The Kelly family reminded us who the true heroes are in today’s world. They aren’t the athletes that are featured on posters or cereal boxes. They are the people who sacrifice their lives for the opportunities to improve the quality of life for others.
Hunter Kelly couldn’t pick up a football his entire life. Terrell Owens has the strength to pick up a football and two linebackers at the same time. That’s not the only difference between them. Owens should be down on his knees counting his blessings every night, as should all of us. Because if Hunter Kelly had one day just to walk in our shoes, he would run.

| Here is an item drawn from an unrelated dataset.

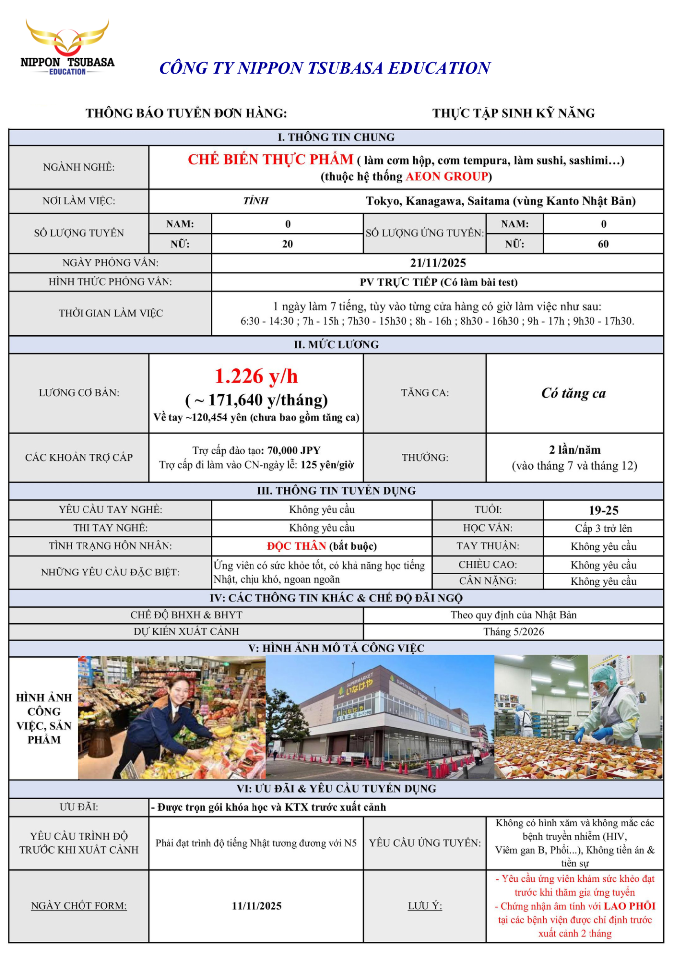 Ngành nghề: Chế biến thực phẩm (làm cơm hộp, cơm tempura, làm sushi, sashimi, các món ăn đóng gói sẵn).

5 replies on “Hunter Kelly provides hope and will remain a Hero”
Good start, but… I think the piece started off well, but the transition you made, as well as the parallels you try to draw, are ridiculous. You speak of off-field tragedy that has befallen Jim kelly and Dan Marino as making them seem human, which is unfair to compare to a contract dispute. Based on this logic, TO would only redeem himself if he had a kid with a terminal illness for whom he started raising money.
Be sure to research what you’re blasting the guy for… he may want more money on his own contract, but the guy DOES also give to charity (such as Alzheimer research)
http://www.theterrellowensfoundation.com/
Chill out Russian Bear Yes, T.O. donates to charities, as well he should. Hell I’m a college kid and I donate to charities. All I’m saying is that problems like T.O. and the sports world faces don’t nearly stack up to the heights of the tragedies some families face. And that T.O. is a coward and a villain right now in his attempts to renegotiate something he has already signed. The point is T.O.’s contract dispute might be a big issue to him, but it is nothing compared to the crisis of Hunter Kelly and his family.
Chilling as always First, that wasn’t a personal attack, I just think you mixed two completely unrelated stories. It’s very difficult to line a family tragedy on the same level as someone who, regardless of how greedy you might perceive him, is squabbling with management for more money. A fair comparison would compare Owens’ contractual demands with a player who took a pay cut so he could stay with his team, or someone who spurned a more lucrative deal for the same reasons.
I entirely agree with your point that tragedy, in whatever form it comes in, outweighs the trivial drama the sports media tends to focus on – but singling out one guy is an unfair comparison on a playing field that isn’t level.
Vote for me, money goes to charity We need to make this column win, b/c I’ll be donating $50 to Hunter’s Hope – a foundation into research for Krabbe – and $50 to the American Red Cross to help out the survivors of Hurricane Katrina. Thanks!!!